Content starts
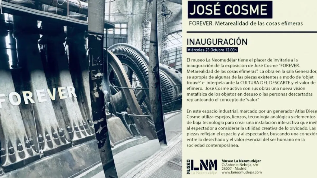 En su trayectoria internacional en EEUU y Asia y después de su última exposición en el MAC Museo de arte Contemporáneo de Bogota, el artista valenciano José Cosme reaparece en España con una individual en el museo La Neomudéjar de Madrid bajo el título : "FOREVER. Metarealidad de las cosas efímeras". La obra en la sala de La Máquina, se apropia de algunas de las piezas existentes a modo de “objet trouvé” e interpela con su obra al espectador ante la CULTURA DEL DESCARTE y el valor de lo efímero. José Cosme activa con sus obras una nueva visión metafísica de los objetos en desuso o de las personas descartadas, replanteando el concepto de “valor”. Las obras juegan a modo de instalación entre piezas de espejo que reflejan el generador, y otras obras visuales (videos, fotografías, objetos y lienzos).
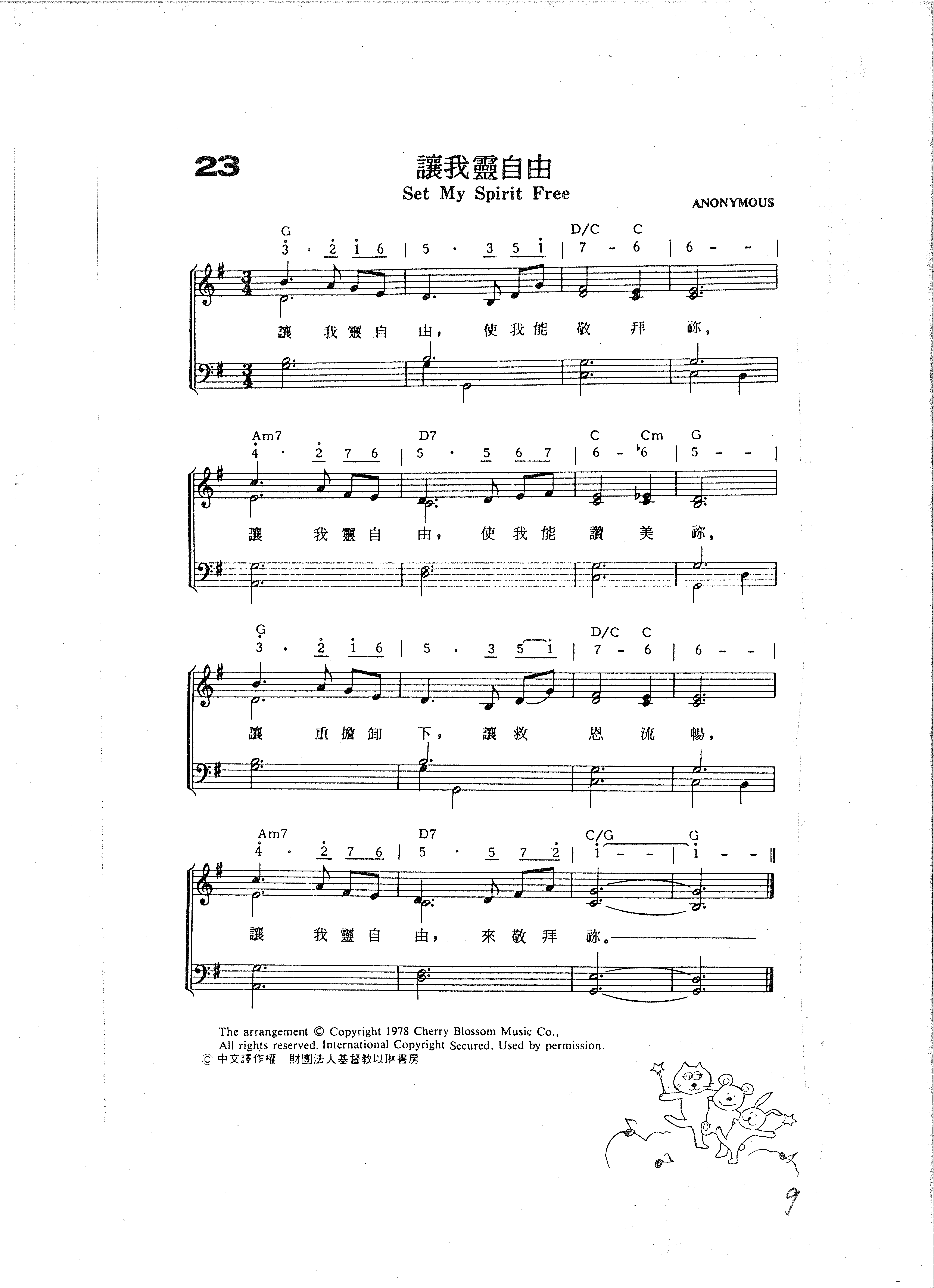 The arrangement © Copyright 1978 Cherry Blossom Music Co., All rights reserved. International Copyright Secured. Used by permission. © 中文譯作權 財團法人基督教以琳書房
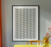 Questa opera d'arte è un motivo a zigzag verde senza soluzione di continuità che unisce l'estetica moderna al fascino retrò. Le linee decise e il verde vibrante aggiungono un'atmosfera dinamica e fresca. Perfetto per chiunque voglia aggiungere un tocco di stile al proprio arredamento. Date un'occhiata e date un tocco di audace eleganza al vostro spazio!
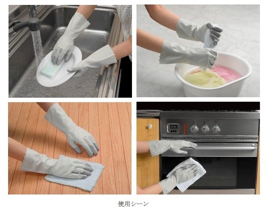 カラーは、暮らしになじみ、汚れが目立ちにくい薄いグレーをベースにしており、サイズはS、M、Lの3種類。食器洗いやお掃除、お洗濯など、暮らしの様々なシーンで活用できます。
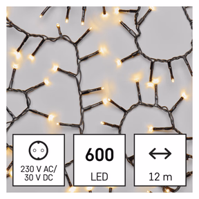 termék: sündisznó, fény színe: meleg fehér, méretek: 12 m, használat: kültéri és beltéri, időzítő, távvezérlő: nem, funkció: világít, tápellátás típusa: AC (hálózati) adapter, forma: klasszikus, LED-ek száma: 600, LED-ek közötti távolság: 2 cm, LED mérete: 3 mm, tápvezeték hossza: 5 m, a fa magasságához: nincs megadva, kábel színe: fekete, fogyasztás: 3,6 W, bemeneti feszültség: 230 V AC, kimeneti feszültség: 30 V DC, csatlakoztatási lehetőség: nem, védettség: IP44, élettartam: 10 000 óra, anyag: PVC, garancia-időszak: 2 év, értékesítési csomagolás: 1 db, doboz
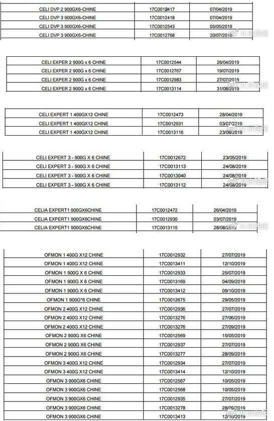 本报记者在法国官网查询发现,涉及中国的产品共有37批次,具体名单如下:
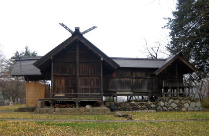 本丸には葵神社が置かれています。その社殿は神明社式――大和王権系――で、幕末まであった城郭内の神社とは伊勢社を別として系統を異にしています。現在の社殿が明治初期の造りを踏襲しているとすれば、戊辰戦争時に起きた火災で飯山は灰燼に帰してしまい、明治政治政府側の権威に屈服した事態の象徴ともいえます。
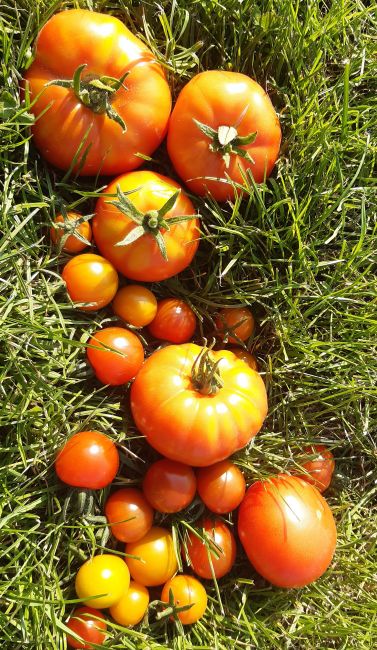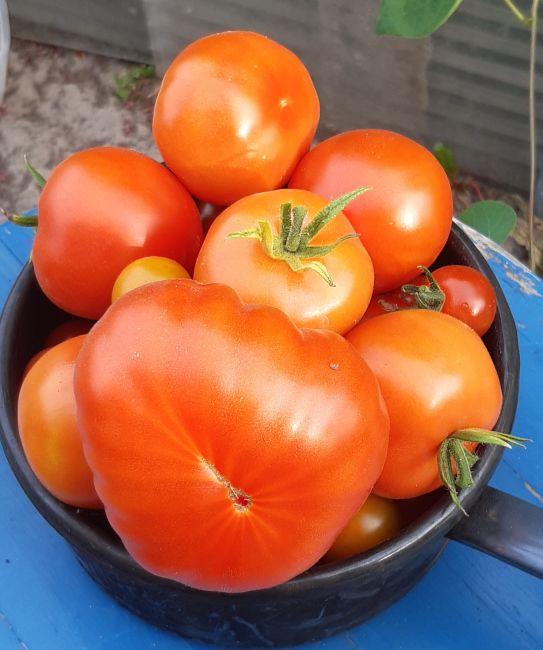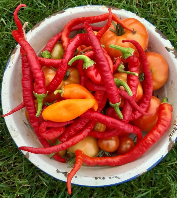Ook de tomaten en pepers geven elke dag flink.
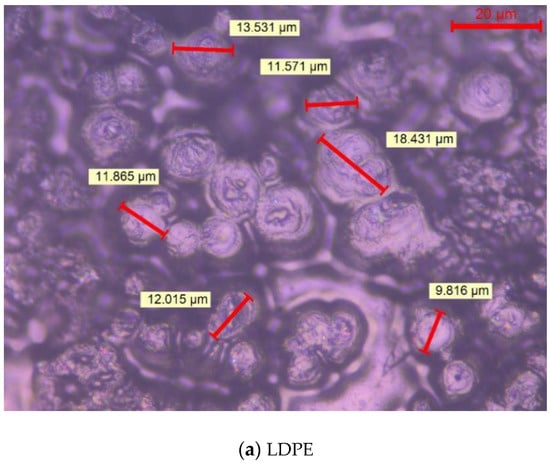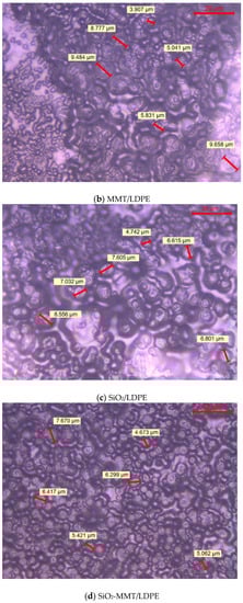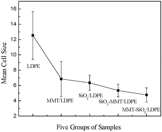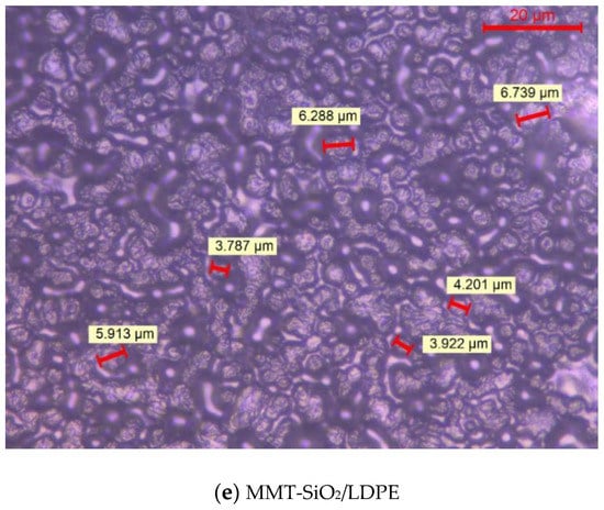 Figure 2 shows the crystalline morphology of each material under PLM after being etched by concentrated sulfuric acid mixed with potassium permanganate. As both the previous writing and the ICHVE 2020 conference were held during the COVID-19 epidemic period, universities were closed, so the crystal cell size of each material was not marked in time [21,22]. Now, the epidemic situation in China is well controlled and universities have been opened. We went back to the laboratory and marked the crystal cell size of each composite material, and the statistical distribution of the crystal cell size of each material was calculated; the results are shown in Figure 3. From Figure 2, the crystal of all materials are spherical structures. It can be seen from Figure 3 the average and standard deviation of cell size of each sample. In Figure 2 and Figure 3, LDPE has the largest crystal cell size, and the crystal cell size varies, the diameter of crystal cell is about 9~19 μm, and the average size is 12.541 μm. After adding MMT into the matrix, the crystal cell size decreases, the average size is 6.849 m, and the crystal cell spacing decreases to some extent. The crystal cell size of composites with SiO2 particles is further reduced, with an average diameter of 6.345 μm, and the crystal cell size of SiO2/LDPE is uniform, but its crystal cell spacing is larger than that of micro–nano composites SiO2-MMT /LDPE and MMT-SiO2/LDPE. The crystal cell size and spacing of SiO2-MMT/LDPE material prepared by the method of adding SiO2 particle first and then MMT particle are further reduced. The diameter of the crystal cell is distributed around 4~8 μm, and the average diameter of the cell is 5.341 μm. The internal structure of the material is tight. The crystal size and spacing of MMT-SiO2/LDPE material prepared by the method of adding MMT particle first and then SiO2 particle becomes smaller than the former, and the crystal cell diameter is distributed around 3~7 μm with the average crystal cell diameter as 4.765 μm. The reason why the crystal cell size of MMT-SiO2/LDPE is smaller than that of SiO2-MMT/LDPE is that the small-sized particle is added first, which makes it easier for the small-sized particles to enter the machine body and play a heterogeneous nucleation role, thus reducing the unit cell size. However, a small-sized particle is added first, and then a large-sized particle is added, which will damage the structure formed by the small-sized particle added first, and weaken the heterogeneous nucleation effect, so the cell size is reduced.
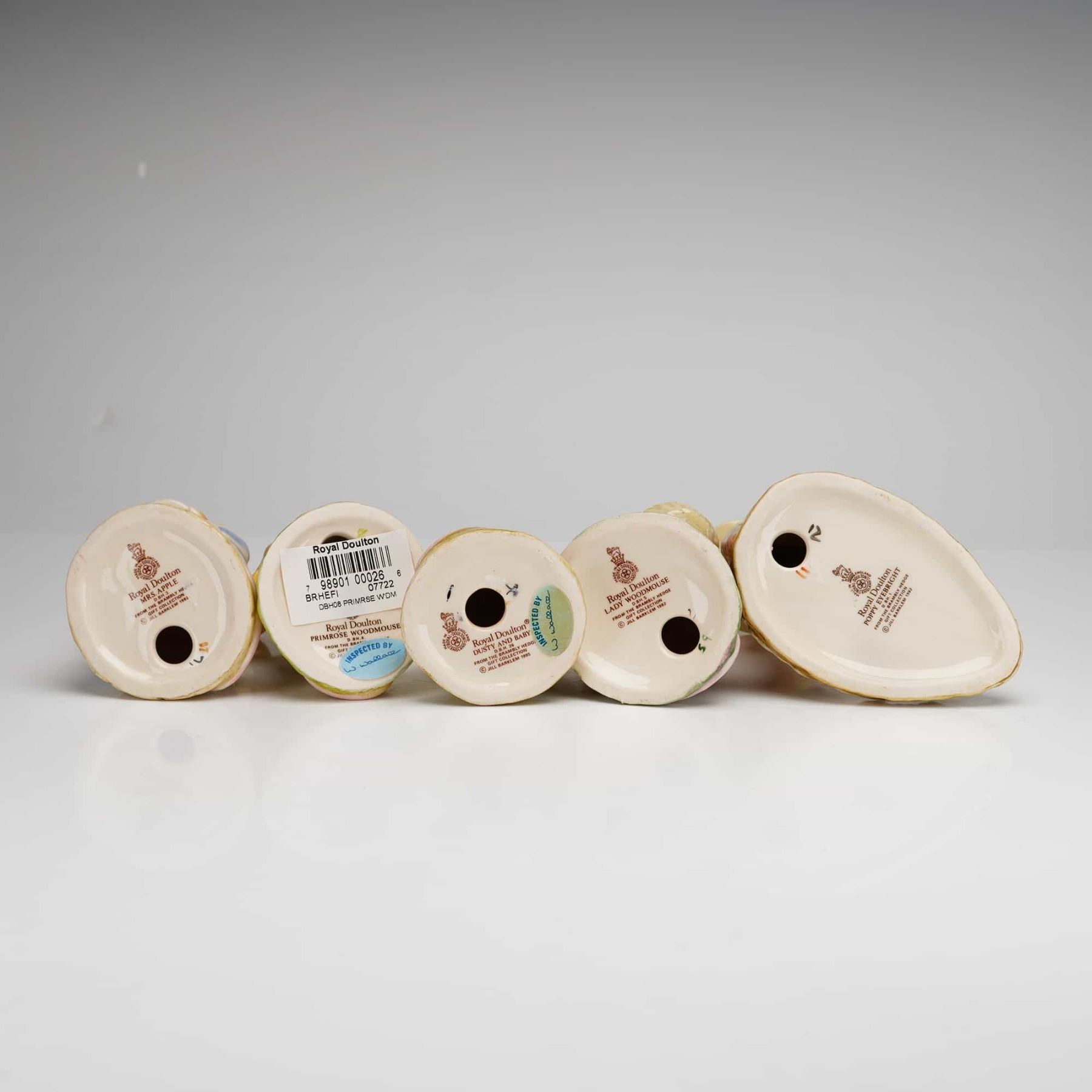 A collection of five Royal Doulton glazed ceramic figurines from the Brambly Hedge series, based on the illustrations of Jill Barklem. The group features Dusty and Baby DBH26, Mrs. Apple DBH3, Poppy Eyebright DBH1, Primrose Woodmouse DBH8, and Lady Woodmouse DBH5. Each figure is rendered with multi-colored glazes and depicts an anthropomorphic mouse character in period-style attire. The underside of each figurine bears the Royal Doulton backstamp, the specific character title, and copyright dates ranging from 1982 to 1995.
Content ends
__Problem to solve__
Everything in the data except the pictures should be restated word for word.

__Task solution__
 En su trayectoria internacional en EEUU y Asia y después de su última exposición en el MAC Museo de arte Contemporáneo de Bogota, el artista valenciano José Cosme reaparece en España con una individual en el museo La Neomudéjar de Madrid bajo el título : "FOREVER. Metarealidad de las cosas efímeras". La obra en la sala de La Máquina, se apropia de algunas de las piezas existentes a modo de “objet trouvé” e interpela con su obra al espectador ante la CULTURA DEL DESCARTE y el valor de lo efímero. José Cosme activa con sus obras una nueva visión metafísica de los objetos en desuso o de las personas descartadas, replanteando el concepto de “valor”. Las obras juegan a modo de instalación entre piezas de espejo que reflejan el generador, y otras obras visuales (videos, fotografías, objetos y lienzos).
 The arrangement © Copyright 1978 Cherry Blossom Music Co., All rights reserved. International Copyright Secured. Used by permission. © 中文譯作權 財團法人基督教以琳書房
 Questa opera d'arte è un motivo a zigzag verde senza soluzione di continuità che unisce l'estetica moderna al fascino retrò. Le linee decise e il verde vibrante aggiungono un'atmosfera dinamica e fresca. Perfetto per chiunque voglia aggiungere un tocco di stile al proprio arredamento. Date un'occhiata e date un tocco di audace eleganza al vostro spazio!
 カラーは、暮らしになじみ、汚れが目立ちにくい薄いグレーをベースにしており、サイズはS、M、Lの3種類。食器洗いやお掃除、お洗濯など、暮らしの様々なシーンで活用できます。
 termék: sündisznó, fény színe: meleg fehér, méretek: 12 m, használat: kültéri és beltéri, időzítő, távvezérlő: nem, funkció: világít, tápellátás típusa: AC (hálózati) adapter, forma: klasszikus, LED-ek száma: 600, LED-ek közötti távolság: 2 cm, LED mérete: 3 mm, tápvezeték hossza: 5 m, a fa magasságához: nincs megadva, kábel színe: fekete, fogyasztás: 3,6 W, bemeneti feszültség: 230 V AC, kimeneti feszültség: 30 V DC, csatlakoztatási lehetőség: nem, védettség: IP44, élettartam: 10 000 óra, anyag: PVC, garancia-időszak: 2 év, értékesítési csomagolás: 1 db, doboz
 本报记者在法国官网查询发现,涉及中国的产品共有37批次,具体名单如下:
 本丸には葵神社が置かれています。その社殿は神明社式――大和王権系――で、幕末まであった城郭内の神社とは伊勢社を別として系統を異にしています。現在の社殿が明治初期の造りを踏襲しているとすれば、戊辰戦争時に起きた火災で飯山は灰燼に帰してしまい、明治政治政府側の権威に屈服した事態の象徴ともいえます。
Ook de tomaten en pepers geven elke dag flink.
 Figure 2 shows the crystalline morphology of each material under PLM after being etched by concentrated sulfuric acid mixed with potassium permanganate. As both the previous writing and the ICHVE 2020 conference were held during the COVID-19 epidemic period, universities were closed, so the crystal cell size of each material was not marked in time [21,22]. Now, the epidemic situation in China is well controlled and universities have been opened. We went back to the laboratory and marked the crystal cell size of each composite material, and the statistical distribution of the crystal cell size of each material was calculated; the results are shown in Figure 3. From Figure 2, the crystal of all materials are spherical structures. It can be seen from Figure 3 the average and standard deviation of cell size of each sample. In Figure 2 and Figure 3, LDPE has the largest crystal cell size, and the crystal cell size varies, the diameter of crystal cell is about 9~19 μm, and the average size is 12.541 μm. After adding MMT into the matrix, the crystal cell size decreases, the average size is 6.849 m, and the crystal cell spacing decreases to some extent. The crystal cell size of composites with SiO2 particles is further reduced, with an average diameter of 6.345 μm, and the crystal cell size of SiO2/LDPE is uniform, but its crystal cell spacing is larger than that of micro–nano composites SiO2-MMT /LDPE and MMT-SiO2/LDPE. The crystal cell size and spacing of SiO2-MMT/LDPE material prepared by the method of adding SiO2 particle first and then MMT particle are further reduced. The diameter of the crystal cell is distributed around 4~8 μm, and the average diameter of the cell is 5.341 μm. The internal structure of the material is tight. The crystal size and spacing of MMT-SiO2/LDPE material prepared by the method of adding MMT particle first and then SiO2 particle becomes smaller than the former, and the crystal cell diameter is distributed around 3~7 μm with the average crystal cell diameter as 4.765 μm. The reason why the crystal cell size of MMT-SiO2/LDPE is smaller than that of SiO2-MMT/LDPE is that the small-sized particle is added first, which makes it easier for the small-sized particles to enter the machine body and play a heterogeneous nucleation role, thus reducing the unit cell size. However, a small-sized particle is added first, and then a large-sized particle is added, which will damage the structure formed by the small-sized particle added first, and weaken the heterogeneous nucleation effect, so the cell size is reduced.
 A collection of five Royal Doulton glazed ceramic figurines from the Brambly Hedge series, based on the illustrations of Jill Barklem. The group features Dusty and Baby DBH26, Mrs. Apple DBH3, Poppy Eyebright DBH1, Primrose Woodmouse DBH8, and Lady Woodmouse DBH5. Each figure is rendered with multi-colored glazes and depicts an anthropomorphic mouse character in period-style attire. The underside of each figurine bears the Royal Doulton backstamp, the specific character title, and copyright dates ranging from 1982 to 1995.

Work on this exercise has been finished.